Developmental and learning science have studied the active construction of knowledge for decades, and recent methodological advances have produced tools to analyze learning pathways. Learning pathways are a description of how people constructs skills along a common scale, or universal ruler. Because many different types of skills all pass through the same levels of this universal ruler, researchers can construct diverse learning pathways that nonetheless share a common scale. These learning pathways capture both shared patterns and learning differences and can then be coordinated with curricula, task characteristics, and teaching techniques. In particular, learning pathways emphasize the importance of support, where students can typically perform at a higher level under conditions of support compared to independent or unpracticed tasks.

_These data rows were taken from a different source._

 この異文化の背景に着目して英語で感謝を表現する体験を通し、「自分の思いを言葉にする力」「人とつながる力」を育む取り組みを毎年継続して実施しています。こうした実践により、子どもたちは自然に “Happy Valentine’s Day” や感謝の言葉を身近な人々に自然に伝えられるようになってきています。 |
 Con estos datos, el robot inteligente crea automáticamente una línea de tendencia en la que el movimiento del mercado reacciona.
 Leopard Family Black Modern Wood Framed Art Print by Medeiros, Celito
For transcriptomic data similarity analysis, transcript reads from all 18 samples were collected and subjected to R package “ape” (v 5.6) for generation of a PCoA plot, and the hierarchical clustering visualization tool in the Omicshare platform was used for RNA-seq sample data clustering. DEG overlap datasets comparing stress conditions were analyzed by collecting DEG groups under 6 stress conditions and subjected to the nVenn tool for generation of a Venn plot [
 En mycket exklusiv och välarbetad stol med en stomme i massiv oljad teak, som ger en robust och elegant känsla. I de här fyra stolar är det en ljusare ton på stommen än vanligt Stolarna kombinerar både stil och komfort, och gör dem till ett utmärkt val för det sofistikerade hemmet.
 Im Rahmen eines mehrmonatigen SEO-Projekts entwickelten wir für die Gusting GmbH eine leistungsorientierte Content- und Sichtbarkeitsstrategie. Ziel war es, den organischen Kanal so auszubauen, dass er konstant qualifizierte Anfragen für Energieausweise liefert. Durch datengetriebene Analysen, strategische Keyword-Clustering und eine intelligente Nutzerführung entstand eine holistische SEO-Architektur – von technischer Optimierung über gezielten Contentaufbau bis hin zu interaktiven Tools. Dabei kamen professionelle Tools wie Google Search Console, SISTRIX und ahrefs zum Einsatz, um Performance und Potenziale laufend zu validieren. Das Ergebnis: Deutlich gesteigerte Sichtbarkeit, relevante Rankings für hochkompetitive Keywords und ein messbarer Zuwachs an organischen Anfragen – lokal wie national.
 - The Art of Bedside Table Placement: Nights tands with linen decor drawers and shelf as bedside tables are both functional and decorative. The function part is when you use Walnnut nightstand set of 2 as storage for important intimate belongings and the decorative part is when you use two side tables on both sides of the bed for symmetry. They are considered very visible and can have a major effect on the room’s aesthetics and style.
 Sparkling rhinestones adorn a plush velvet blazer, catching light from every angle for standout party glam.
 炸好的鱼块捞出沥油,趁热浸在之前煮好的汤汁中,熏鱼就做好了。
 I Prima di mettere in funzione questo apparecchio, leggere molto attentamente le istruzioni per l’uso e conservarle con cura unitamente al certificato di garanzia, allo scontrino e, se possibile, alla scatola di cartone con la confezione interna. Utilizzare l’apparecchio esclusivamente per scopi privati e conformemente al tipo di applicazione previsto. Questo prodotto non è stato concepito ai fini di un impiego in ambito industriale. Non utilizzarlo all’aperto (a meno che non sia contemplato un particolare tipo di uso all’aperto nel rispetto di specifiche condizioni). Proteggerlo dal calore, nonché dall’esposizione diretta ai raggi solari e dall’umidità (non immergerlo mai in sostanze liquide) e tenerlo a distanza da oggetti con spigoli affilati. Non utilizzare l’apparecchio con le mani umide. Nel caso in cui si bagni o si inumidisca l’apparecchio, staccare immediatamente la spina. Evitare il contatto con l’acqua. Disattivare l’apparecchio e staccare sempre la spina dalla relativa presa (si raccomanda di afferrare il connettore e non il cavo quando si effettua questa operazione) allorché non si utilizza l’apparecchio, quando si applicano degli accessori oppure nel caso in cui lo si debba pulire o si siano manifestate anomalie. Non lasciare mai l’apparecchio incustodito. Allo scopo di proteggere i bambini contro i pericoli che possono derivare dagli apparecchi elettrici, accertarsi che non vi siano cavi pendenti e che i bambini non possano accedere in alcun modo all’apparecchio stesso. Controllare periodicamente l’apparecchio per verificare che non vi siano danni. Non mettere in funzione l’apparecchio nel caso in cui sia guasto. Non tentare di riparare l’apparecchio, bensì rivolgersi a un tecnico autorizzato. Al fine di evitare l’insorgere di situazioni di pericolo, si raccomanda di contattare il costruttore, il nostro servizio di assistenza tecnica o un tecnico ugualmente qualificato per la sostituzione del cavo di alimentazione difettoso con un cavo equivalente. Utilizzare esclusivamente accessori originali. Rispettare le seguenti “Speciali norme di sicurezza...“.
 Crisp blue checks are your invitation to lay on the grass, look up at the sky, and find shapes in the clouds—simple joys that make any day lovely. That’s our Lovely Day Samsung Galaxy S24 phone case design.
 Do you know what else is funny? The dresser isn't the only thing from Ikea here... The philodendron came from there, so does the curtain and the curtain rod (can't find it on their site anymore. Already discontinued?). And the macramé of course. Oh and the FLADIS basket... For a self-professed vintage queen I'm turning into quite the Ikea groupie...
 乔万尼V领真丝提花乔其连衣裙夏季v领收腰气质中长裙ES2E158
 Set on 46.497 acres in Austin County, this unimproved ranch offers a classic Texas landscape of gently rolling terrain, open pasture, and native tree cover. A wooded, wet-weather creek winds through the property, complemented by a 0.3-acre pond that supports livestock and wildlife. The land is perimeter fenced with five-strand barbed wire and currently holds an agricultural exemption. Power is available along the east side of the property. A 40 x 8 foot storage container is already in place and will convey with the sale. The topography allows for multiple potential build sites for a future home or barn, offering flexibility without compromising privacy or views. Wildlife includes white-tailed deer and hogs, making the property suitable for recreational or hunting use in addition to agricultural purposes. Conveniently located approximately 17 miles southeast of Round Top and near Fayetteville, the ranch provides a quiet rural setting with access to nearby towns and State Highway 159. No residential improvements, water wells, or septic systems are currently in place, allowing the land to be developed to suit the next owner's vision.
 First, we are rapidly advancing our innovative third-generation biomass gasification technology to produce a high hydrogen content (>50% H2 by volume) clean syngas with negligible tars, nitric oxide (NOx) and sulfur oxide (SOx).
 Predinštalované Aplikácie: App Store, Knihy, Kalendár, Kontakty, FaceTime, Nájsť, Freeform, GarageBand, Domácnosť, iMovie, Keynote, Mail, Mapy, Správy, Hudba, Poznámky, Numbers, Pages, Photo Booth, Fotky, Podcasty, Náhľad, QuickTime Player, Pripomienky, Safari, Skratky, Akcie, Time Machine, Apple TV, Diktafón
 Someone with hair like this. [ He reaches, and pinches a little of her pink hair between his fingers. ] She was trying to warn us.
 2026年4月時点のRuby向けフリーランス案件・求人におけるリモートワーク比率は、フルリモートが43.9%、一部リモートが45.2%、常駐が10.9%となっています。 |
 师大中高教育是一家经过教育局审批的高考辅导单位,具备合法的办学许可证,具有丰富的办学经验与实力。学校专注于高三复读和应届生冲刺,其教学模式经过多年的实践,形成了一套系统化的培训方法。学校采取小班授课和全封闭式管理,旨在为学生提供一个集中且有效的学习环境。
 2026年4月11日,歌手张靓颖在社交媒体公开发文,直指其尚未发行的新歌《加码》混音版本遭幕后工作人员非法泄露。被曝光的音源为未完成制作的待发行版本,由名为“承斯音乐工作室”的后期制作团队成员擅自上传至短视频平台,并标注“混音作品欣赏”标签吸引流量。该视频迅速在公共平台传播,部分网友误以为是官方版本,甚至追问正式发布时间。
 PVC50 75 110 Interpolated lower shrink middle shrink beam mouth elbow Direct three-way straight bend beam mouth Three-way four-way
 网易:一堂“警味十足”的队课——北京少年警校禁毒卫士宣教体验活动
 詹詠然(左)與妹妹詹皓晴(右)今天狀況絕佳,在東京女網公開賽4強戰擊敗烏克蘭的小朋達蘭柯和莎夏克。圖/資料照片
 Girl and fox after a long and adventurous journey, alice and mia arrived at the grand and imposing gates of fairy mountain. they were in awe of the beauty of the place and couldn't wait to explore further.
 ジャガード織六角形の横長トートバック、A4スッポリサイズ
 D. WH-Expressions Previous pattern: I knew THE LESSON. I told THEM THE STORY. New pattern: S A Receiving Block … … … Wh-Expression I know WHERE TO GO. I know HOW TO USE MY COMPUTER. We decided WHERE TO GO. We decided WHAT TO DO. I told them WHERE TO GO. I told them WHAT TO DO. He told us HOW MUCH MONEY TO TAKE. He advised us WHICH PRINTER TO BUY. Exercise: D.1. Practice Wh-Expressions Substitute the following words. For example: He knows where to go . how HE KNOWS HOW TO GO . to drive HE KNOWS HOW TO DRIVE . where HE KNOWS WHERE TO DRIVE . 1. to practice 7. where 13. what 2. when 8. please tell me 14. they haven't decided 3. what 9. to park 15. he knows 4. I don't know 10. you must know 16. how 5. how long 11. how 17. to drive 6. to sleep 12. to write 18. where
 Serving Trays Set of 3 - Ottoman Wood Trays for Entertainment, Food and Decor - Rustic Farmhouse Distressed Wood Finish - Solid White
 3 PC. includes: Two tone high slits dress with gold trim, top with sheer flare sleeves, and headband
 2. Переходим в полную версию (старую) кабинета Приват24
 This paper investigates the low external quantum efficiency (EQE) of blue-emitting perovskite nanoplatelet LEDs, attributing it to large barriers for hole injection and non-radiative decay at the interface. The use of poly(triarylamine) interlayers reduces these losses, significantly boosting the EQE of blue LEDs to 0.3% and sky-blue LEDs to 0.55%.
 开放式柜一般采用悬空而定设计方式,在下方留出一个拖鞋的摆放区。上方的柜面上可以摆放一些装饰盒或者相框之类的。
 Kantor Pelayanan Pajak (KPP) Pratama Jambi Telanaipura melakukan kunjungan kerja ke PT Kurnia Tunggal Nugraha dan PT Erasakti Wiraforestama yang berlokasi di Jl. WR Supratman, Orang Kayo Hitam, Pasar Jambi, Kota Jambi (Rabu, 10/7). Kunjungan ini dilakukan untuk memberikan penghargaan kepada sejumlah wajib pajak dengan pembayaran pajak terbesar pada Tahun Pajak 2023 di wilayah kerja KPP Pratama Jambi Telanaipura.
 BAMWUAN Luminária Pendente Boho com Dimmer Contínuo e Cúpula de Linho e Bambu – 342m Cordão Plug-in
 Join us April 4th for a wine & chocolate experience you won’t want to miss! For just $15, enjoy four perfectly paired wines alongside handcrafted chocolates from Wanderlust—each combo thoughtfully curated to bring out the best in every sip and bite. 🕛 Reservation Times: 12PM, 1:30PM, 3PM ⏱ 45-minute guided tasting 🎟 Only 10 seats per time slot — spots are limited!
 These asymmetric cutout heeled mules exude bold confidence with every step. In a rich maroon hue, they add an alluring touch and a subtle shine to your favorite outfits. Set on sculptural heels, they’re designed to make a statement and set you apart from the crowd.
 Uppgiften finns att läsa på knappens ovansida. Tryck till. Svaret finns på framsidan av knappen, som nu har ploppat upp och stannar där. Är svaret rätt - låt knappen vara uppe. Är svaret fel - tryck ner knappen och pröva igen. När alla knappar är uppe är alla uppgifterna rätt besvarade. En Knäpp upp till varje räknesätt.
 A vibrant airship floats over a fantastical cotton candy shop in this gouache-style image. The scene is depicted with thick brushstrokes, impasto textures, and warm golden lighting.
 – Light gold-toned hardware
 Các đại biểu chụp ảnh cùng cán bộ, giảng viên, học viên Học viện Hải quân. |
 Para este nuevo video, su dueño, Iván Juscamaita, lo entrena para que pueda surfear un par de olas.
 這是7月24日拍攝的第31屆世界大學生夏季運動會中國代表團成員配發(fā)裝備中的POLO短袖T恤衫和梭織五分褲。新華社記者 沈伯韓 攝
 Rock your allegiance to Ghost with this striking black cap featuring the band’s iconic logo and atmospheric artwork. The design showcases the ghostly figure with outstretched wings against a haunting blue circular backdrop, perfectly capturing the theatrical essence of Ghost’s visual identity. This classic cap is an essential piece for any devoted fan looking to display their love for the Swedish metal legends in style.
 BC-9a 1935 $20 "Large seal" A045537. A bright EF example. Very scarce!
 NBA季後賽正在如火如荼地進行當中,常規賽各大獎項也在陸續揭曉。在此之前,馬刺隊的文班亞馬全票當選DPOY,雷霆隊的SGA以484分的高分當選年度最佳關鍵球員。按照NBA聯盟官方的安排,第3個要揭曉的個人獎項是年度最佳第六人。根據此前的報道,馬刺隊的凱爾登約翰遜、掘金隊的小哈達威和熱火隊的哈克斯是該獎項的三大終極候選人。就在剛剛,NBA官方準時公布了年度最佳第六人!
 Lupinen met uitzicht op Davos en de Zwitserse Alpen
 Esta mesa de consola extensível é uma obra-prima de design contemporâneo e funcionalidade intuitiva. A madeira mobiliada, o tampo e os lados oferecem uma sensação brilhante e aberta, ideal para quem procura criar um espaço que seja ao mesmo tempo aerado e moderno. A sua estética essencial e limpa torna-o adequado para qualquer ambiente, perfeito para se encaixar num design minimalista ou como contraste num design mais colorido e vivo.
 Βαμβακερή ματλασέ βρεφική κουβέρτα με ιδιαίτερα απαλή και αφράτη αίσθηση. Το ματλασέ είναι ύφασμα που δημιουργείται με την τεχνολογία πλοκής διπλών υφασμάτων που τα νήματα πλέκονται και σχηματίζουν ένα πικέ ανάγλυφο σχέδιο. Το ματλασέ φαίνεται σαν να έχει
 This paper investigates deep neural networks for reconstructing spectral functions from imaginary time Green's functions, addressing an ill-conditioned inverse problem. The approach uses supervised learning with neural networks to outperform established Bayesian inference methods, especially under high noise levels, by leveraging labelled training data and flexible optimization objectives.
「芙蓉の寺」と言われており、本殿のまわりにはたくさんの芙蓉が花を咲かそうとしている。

The lenses of cognitive science and developmental science come together in an example related to mathematics learning. For students without an explicit model of the number line, explicit instruction in the principle of counting along the number line had a striking impact on math understanding. Cognitive science revealed the importance of the number line metaphor in strong mathematical reasoners, and developmental science helped to design developmentally appropriate interventions to help children construct their understanding of number.

These three branches of science—biology (neuroscience and genetics), cognitive science, and developmental science—have contributed valuable insight to the field of education in the past and are well poised for further contributions in researcher-practitioner partnerships. These reciprocal partnerships are essential for the creation of useable knowledge in education.  But certain changes are needed to establish this vision.

To reach the potential of grounding education effectively in research requires improving infrastructure by creating research schools, sharing databases on learning and development, and establishing a new profession of “educational engineers.” Research schools are similar to teaching hospitals, where researchers and practitioners work together to refine medical technique. Research schools should be real-life schools closely affiliated with universities where educators and researchers work together to create research that illuminates educational practice and policy and to train future researchers and practitioners.

Research schools can take the lead in establishing places for devising research questions and methods that relate to issues of practice and policy and databases that track data on student learning. These databases should eventually be shared at the national and international levels. Steps in this direction have been made—for example, the state databases for No Child Left Behind. But we must move beyond simple standardized testing and include information about how learning occurs in real-life settings.

Finally, a new class of educational professional is needed, the “educational engineer,” who will act as a translator between research and practice. An educational engineer can help can help apply findings from cognitive science and neuroscience to learning in classrooms and can engineer educational materials and activities grounded in research that promote learning.

Teachers that are interested in the biological, cognitive, and developmental aspects of learning should not have to sit in their classrooms alone with Google Scholar as their only resource for learning more. Moreover, they should not have to view themselves as passive recipients of the conduit of knowledge from scientists-on-high down to education. Instead, they should be active participants in the research process. Their knowledge provides vital insight, insight that can move science forward, just as insight from practicing doctors informs basic medical research. Researchers interested in topics relevant to education should embrace this knowledge and allow their research programs to be shaped by practical needs. Together, researchers and practitioners can lay the groundwork for a true science of education.